Stats 1 - R Refresher Flashcards
How do assign a number to a variable in R? How can you manipulate these variables mathematically?
Store information in variables - a <- 4
You can perform several mathematical functions with this variable – a * a, squared, sqrt(a)
What are Vectors in R and how do you build them?
Vectors - Vector = Set of data –> Think of it as a row or column in a spreadsheet
Code
(Name) <- c(0, 1, 2, 3, 4)
Can you apply mathematical functions to a vector?
You can apply a multitude of mathematical functions to a vector –> e.g. mean(v), variance – var(v), median, sum (v), prod(v), length (v) – how many elements
What are the types of parentheses in R?
What are the different variable types?
There are 4 different variables types
- Integer
- Float/Numeric –> Real numbers
- String –> character/text
- Boolean –> True or False /1 and 0
How to ask ‘R’ what variable type you have?
To figure out the variable type –> class(v)
How can you convert between variable types?
Type of Conversions and Special Values:
- as.x() –> convert between variable types
- as.integer(3.1) –> 3
- as.roman(155) –> CLV
- as.character(155) –> ‘155’
Note that it is put between apostrophe’s –> indicates that it is now a character
- as.logical(5) –> True
Note that R maps all values not equal to 0 = True, whereas 0 = false
Note that ‘R’ –> uses E notation for scientific notation –> 1e4 or 5e-2
What are data structures in R?
Data structures = Different ways to store and manipulate data
Outline the data structure - Vector.
Vector - Fundamental data structure/object in R
Think of vectors as single rows or columns on a spreadsheet
Example
v1 <- c(0.02, 0.5, 1)
v2 <- c(“a”, “bc”, “def”, “ghij”)
v3 <- c(TRUE, TRUE, FALSE)
BUT! Vectors can only store data of one TYPE –> e.g. all numeric, all character, etc.

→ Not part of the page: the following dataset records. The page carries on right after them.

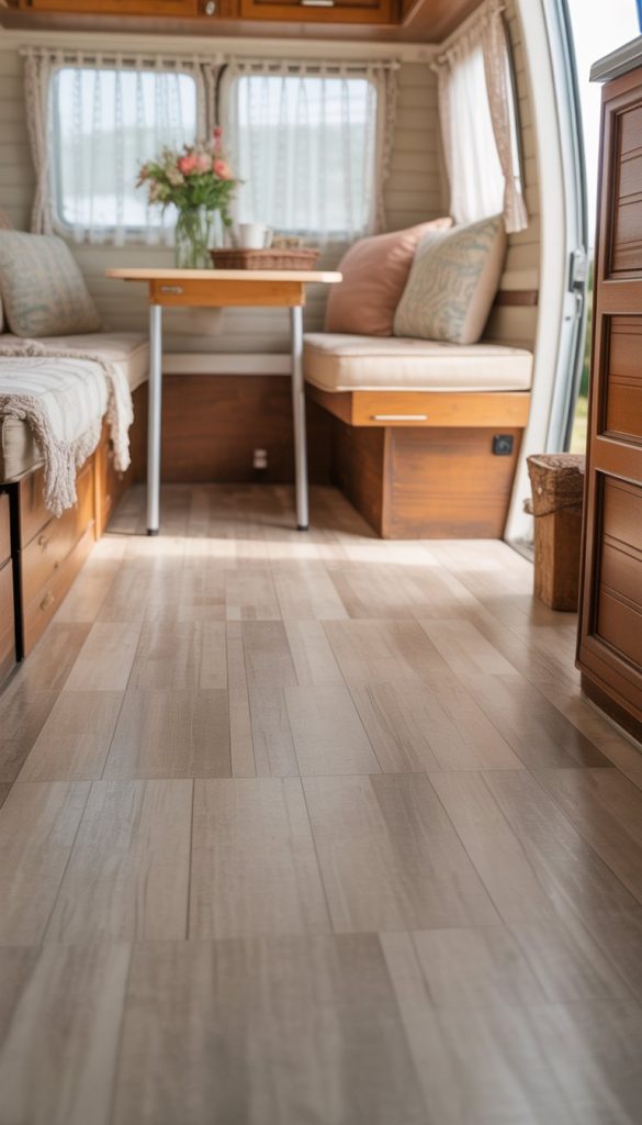 This type of flooring is made to last and can handle the bumps of travel. It is also waterproof, which helps if you get wet shoes or spills inside your camper.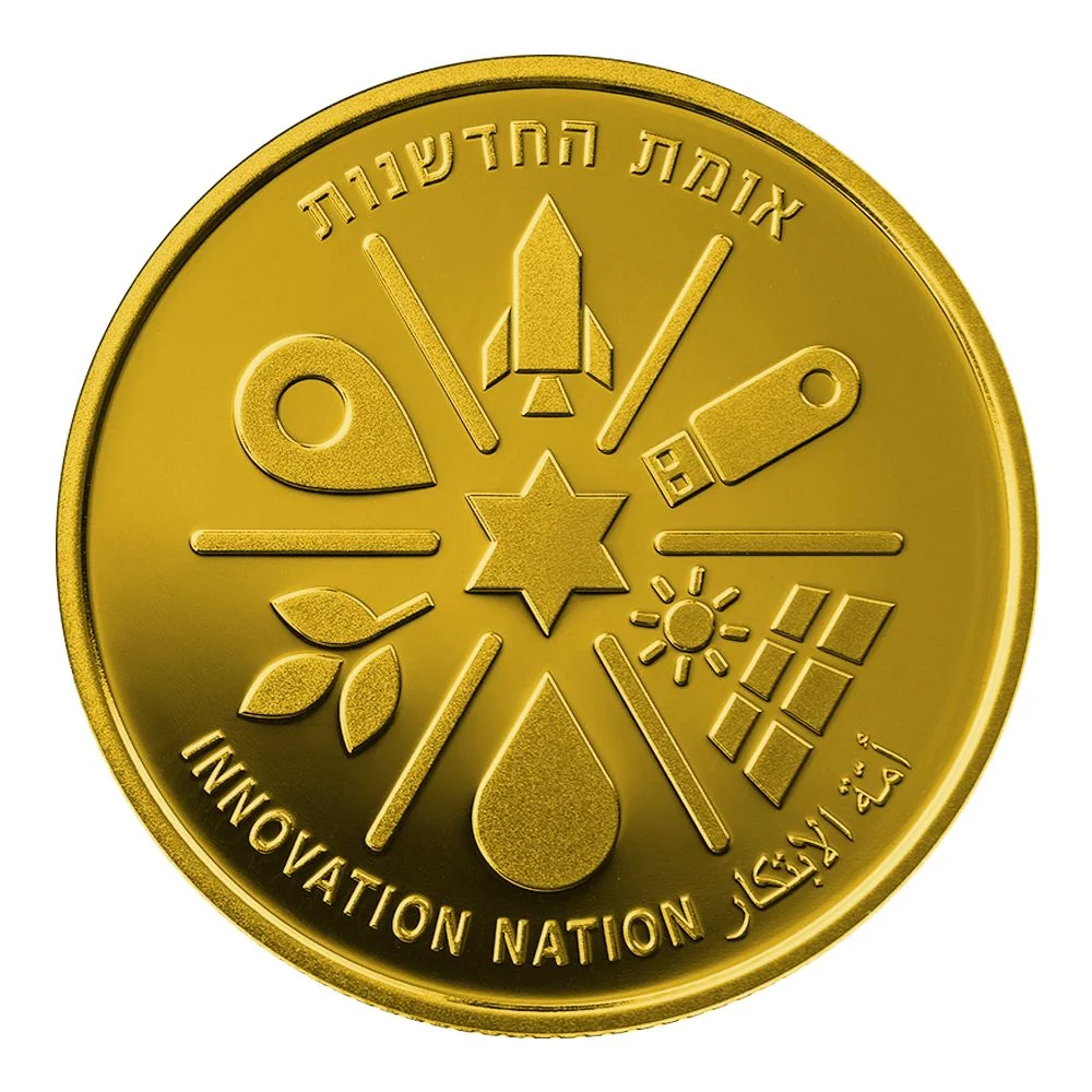 Six symbols represent Israeli innovations: a rocket (space), a USB drive (data storage), a solar panel (solar energy), a water droplet (water tech), three leaves (agritech), and a car navigation symbol. Border text: "Innovation Nation" in English, Hebrew, and Arabic.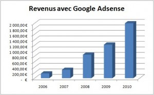 J’ai fais à peu près la même progression de 2006 à 2009 en passant de 0 à 10000€/an puis en réduisant le rythme, car c’est du boulot, je suis descendu d’environ 30% mais cela me suffit largement car j’ai diminué mon temps sur mes blogs de 80%.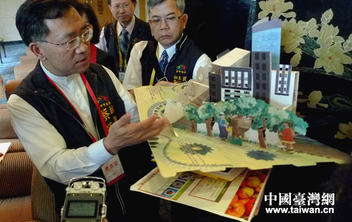 臺(tái)中市副市長(zhǎng)蔡炳坤向記者展示臺(tái)中孩子們親手做的立體百科書。(中國(guó)臺(tái)灣網(wǎng) 高斯斯 攝)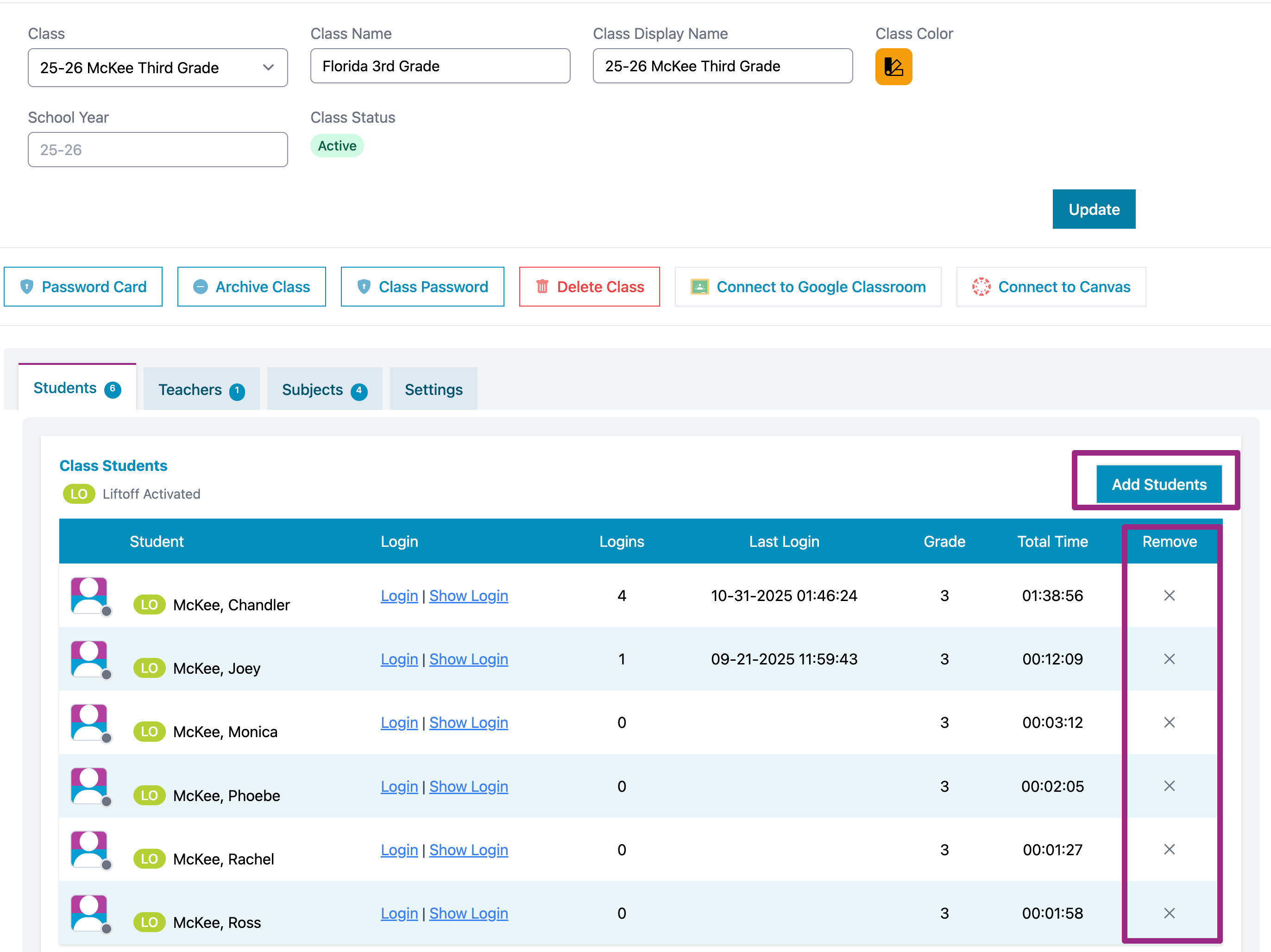 - To edit your students, you can click Add Students, to include more students to this specific class. You can also select the (x) next to a student's name to remove the student from this class.

If you try to combine them –> it will homogenize them
v1 <- c(0.02, “Mary”, 1)
‘0.02’ ‘Mary’ ‘1’
The function c “coerces” arguments that are of mixed types (strings/text, real numbers, logical arguments, etc) to a common type.
Outline the data structure - Matrix & Array.
Matrix –> is a 2 dimensional vector (has both rows and columns)
mat1 <- matrix(1:25, 5, 5)
This creates a matrix with number 1 to 25 in a 5x5 grid.
dim(mat1) –> retrieves the dimensions of the matrix
Array –> can store data in more than two dimensions (e.g., a stack of 2-D matrices).
For example…
array <- (1:50, c(5, 5, 2))
array1 produces two 5x5 matrices stacked on top of each other –> with variables going from 1 to 50
In matrices and arrays, do the data variable types need to be homogenous?
Just like vectors the data types MUST be Homogenous!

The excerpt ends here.